Problem requirements – The listing is to be transcribed in full, with its images left out.
======== Information supplied
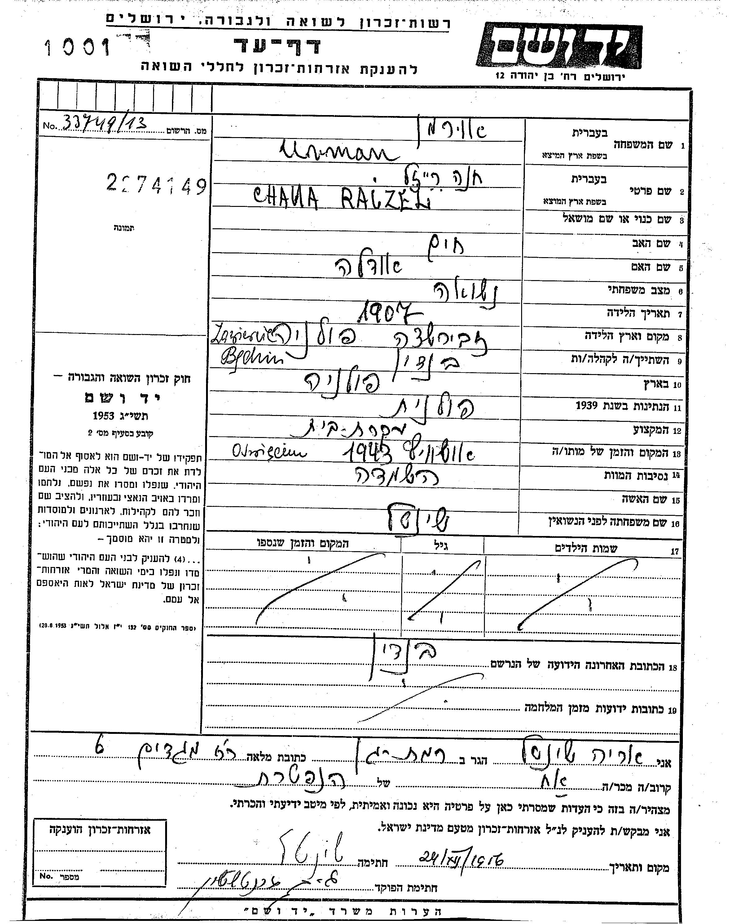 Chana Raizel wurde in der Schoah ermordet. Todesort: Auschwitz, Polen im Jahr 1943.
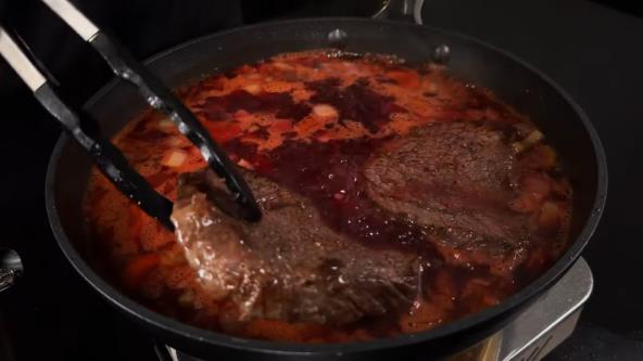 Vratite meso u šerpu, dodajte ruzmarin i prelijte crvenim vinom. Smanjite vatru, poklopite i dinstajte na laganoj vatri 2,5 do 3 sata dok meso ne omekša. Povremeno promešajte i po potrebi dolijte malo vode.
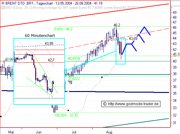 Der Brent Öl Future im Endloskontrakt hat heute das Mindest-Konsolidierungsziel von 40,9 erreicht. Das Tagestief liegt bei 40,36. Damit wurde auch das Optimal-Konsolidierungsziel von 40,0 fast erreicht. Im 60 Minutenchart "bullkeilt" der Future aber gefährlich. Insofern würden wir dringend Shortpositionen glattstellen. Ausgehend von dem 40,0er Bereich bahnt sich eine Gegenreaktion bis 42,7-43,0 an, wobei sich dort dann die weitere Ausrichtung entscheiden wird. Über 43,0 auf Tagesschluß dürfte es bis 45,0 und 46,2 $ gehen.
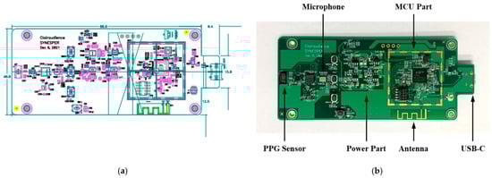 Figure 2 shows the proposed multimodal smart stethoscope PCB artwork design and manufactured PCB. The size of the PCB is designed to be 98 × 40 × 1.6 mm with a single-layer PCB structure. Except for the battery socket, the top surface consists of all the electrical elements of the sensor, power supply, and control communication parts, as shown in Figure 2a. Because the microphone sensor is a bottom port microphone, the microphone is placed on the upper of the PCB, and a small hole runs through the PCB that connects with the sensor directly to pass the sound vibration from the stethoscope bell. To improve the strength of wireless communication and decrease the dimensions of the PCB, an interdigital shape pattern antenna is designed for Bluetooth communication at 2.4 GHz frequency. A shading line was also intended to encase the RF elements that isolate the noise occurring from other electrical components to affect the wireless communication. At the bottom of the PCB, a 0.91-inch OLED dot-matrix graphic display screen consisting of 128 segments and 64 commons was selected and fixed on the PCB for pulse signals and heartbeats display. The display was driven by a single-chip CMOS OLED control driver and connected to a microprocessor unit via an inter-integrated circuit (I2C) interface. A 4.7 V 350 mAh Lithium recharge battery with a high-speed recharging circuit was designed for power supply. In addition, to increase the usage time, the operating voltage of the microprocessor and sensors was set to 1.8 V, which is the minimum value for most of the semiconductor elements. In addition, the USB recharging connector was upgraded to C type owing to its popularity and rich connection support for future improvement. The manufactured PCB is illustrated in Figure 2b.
================
Reply to the task –
 Chana Raizel wurde in der Schoah ermordet. Todesort: Auschwitz, Polen im Jahr 1943.
 Vratite meso u šerpu, dodajte ruzmarin i prelijte crvenim vinom. Smanjite vatru, poklopite i dinstajte na laganoj vatri 2,5 do 3 sata dok meso ne omekša. Povremeno promešajte i po potrebi dolijte malo vode.
 Der Brent Öl Future im Endloskontrakt hat heute das Mindest-Konsolidierungsziel von 40,9 erreicht. Das Tagestief liegt bei 40,36. Damit wurde auch das Optimal-Konsolidierungsziel von 40,0 fast erreicht. Im 60 Minutenchart "bullkeilt" der Future aber gefährlich. Insofern würden wir dringend Shortpositionen glattstellen. Ausgehend von dem 40,0er Bereich bahnt sich eine Gegenreaktion bis 42,7-43,0 an, wobei sich dort dann die weitere Ausrichtung entscheiden wird. Über 43,0 auf Tagesschluß dürfte es bis 45,0 und 46,2 $ gehen.
 Figure 2 shows the proposed multimodal smart stethoscope PCB artwork design and manufactured PCB. The size of the PCB is designed to be 98 × 40 × 1.6 mm with a single-layer PCB structure. Except for the battery socket, the top surface consists of all the electrical elements of the sensor, power supply, and control communication parts, as shown in Figure 2a. Because the microphone sensor is a bottom port microphone, the microphone is placed on the upper of the PCB, and a small hole runs through the PCB that connects with the sensor directly to pass the sound vibration from the stethoscope bell. To improve the strength of wireless communication and decrease the dimensions of the PCB, an interdigital shape pattern antenna is designed for Bluetooth communication at 2.4 GHz frequency. A shading line was also intended to encase the RF elements that isolate the noise occurring from other electrical components to affect the wireless communication. At the bottom of the PCB, a 0.91-inch OLED dot-matrix graphic display screen consisting of 128 segments and 64 commons was selected and fixed on the PCB for pulse signals and heartbeats display. The display was driven by a single-chip CMOS OLED control driver and connected to a microprocessor unit via an inter-integrated circuit (I2C) interface. A 4.7 V 350 mAh Lithium recharge battery with a high-speed recharging circuit was designed for power supply. In addition, to increase the usage time, the operating voltage of the microprocessor and sensors was set to 1.8 V, which is the minimum value for most of the semiconductor elements. In addition, the USB recharging connector was upgraded to C type owing to its popularity and rich connection support for future improvement. The manufactured PCB is illustrated in Figure 2b.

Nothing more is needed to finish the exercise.